The Chancellor outlined her fiscal vision for the country during the Autumn Budget

PA/GETY

According to the Autumn Budget document, ministers cite the rule change as vital to “restoring the principle that pensions should not be a vehicle for the accumulation of capital sums for the purposes of inheritance”.

Rachel McEleney, an associate tax director at Deloitte, warned that the IHT reform is likely to result in some beneficiaries getting slapped with a “double tax” from HM Revenue and Customs (HMRC).

She explained: “The removal of the inheritance tax exemption appears to result in a double hit on death benefits that do not qualify for an income tax exemption, such as those where people die over 75 years old.

“Assuming the whole fund is subject to 40 per cent inheritance tax, and the beneficiary pays income tax at 45 per cent on the remainder, this appears to give rise to an effective 67 per cent tax rate on taxable pension death benefits.”

Despite these concerns, a Treasury source told The Times that the clampdown on inherited pensions is to ensure a fairer system.

“Tax will be paid in the same way as other savings products already subject to inheritance tax such as ISAs,” they claimed.

“Inherited pensions will be subject to inheritance tax once and, if due, income tax once.

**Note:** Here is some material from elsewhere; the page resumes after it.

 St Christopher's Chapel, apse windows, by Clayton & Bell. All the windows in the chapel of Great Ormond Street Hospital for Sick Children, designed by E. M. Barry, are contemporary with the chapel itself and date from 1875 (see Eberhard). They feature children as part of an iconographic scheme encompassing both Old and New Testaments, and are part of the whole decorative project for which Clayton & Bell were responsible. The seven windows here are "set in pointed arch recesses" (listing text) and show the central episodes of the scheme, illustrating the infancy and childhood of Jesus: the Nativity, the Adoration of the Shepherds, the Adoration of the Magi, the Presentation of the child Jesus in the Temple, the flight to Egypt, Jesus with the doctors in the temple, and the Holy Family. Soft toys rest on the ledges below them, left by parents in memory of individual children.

Income tax is paid on the withdrawal of the inherited pension, which reflects that income tax relief was provided when the deceased contributed to the pension.”

Pensioner looks at phone while sorting finances

Households could be hit with a “double tax” following Rachel Reeve’s Budget

GETTY

Tom Selby, director of public policy at AJ Bell, noted that changes were needed to update the current “generous” treatment of pensions on death but questioned the announced reforms.

He explained: “However, by announcing plans to bring inherited pensions into the IHT [inheritance tax] net, the chancellor runs the risk of being accused of hitting beneficiaries with a new death tax.

“Anyone who made larger contributions into their defined contribution pension to make the most of the existing rules will also now be wondering what could happen to their pot when they die.”